The approximate lengths of the components of the rolling mill, which is the subject of this invention, may be as follows:

- input system: 24 m

- rolling mill: 8 m

- output system: 34 m

- mandrel: 24 m

- hollow billet at the entrance to the rolling mill: maximum 10.5 m

- pipe at the exit of the rolling mill: maximum 30 m.

The lengths given above are given as an example and serve to better understand the rolling mill described here. Obviously, they should not be construed as characteristic dimensions limiting the construction of the rolling mill of the present invention.

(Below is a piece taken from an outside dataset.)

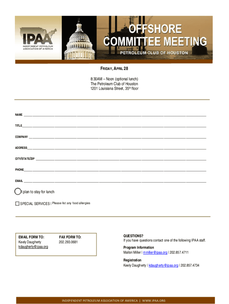 FRIDAY, APRIL 28 8:30AM Noon (optional lunch) The Petroleum Club of Houston 1201 Louisiana Street, 35th filename TITLE COMPANY ADDRESS CITY/STATE/ZIP PHONE EMAIL I plan to stay for lunch SPECIAL SERVICES
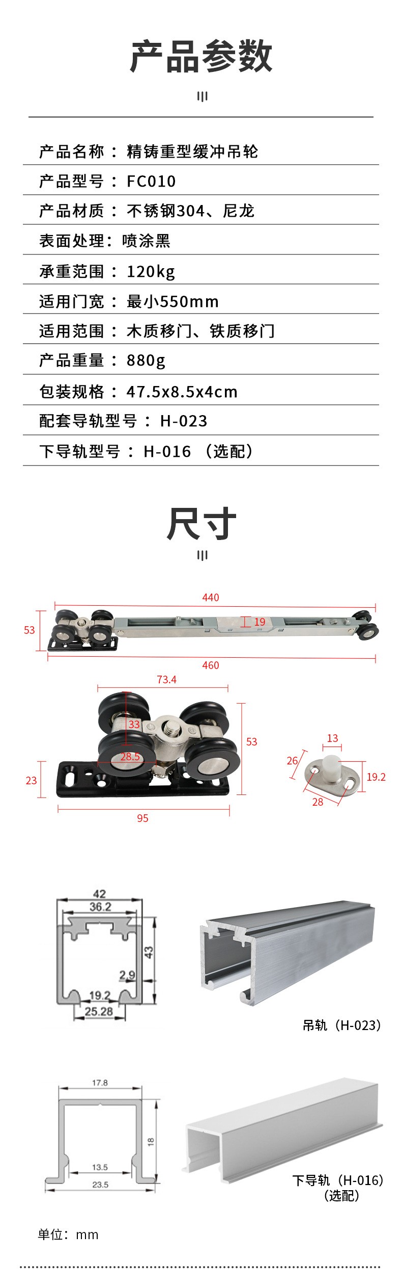 FC010 不銹鋼304重型120kg移門(mén)配套雙向緩沖吊輪吊軌

In Fig.1.1, 1.2, 1.3, three successive processing stages are shown: the stage when the mandrel 5 is in the inlet portion 1 of the rolling mill (Fig.1.1), the stage when the mandrel passes through the rolling mill 2 (Fig.1.2), the stage when the mandrel is located at the output section 3 of the rolling mill (Fig 1.3). In these figures, the pipe is not shown for simplicity, and the mandrel 5 shown (shown in more detail in FIG. 2) includes a head machined part 10, followed by an elongated part 11, in which there is an intermediate part 12 having a smaller diameter, while the tail portion 13 is at the end of the mandrel.

The slot 12 is formed in a single section from the elongated part 11, or in another embodiment, it can be made in the intermediate section between the processed head section 1 and the elongated part 11.

Next will be described an embodiment of the invention, in particular, a rolling mill, which is also useful for understanding the rolling process, which is the subject of this invention.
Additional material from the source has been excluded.